Amadou Toumani Toure
On disait de Jerry J. Rawlings qu’il était une forcede la nature. C’est vrai qu’il ne laissait rien paraître de ses épreuves de santé qu’il affrontait depuis quelque temps. J’avais gardé, comme si le temps était resté figé, le souvenir d’une énergie débordante, que nous croyions inoxydable. Le militant panafricaniste était intarissable lorsqu’il parlait des défis du continent. Il aimait le Ghana, par-dessus tout. Le Ghana au cœur, l’Afrique comme une obsession. Même à l’écart du pouvoir présidentiel, il consacrait le plus clair de son temps à dessiner les voies du devenir africain, à professer l’urgence de l’engagement citoyen au service du développement.
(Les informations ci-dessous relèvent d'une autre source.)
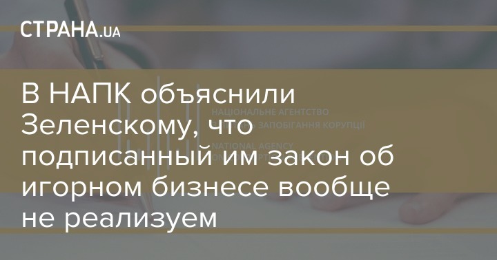 Национальное агентство по предупреждению коррупции (НАПК) направило президенту Украины Владимиру Зеленскому письмо с предостережениями по поводу закона "О государственном регулировании деятельности по организации и проведению азартных игр".

Il ne savait pas dissimuler son impatience d’être à la fois acteur et témoin de la matérialisation du « rêve africain », de « la mise en mouvement » des intelligences collectives. Il y avait chez cet homme particulièrement attachant, une volonté permanente et quelque peu tourmentée de changer la vie, comme une inconsolable mélancolie des révolutions inachevées.
Jerry John Rawlings
Avant de l’avoir rencontré, j’avais fait la connaissance de son épouse Nana Rawlings. C’était à l’occasion d’un voyage de travail à Tokyo au début des années 90. Une militante, affichant une parfaite harmonie d’idées avec son mari. Au cours de ce séjour au Pays du Soleil Levant, elle avait exposé et défendu, dans le cadre d’un colloque, un système endogène et novateur de développement du secteur agricole initié par le gouvernement et les acteurs sociaux ghanéens, sous l’impulsion du Président J.J. Rawlings. Quelques années plus tard, je rencontrai pour une première fois Jerry Rawlings qui s’était retiré du pouvoir. Nous avions eu une longue conversation dans un hôtel parisien sur les grands défis économiques et politiques que devait encore relever le Ghana, à l’instar de bon nombre de pays du continent. Sa parole étaient ponctuée de ces mots qu’il martelait comme une exhortation : égalité et justice sociales, redistribution, morale publique, respect des institutions, valeurs communes… Nichée dans ces souvenirs intacts, cette séquence, jamais oubliée, au cours de laquelle J.J. Rawlings m’avait confié qu’il ne commençait jamais sa journée sans avoir mangé une gousse d’ail. Il me conseilla d’en faire de même. C’était, me recommandait-il, « très bon pour le cœur ». Excellent pour la santé, insistait-il. Un détail, peut-être. Qui est resté présent dans ma mémoire, toujours associé aux moments partagés avec ce personnage exceptionnel. Ce sont peut-être ces fragments d’humanité qui forgent le mieux le souvenir et la nostalgie. Francis Laloupo
Journaliste, éditorialiste et enseignant en géopolitique.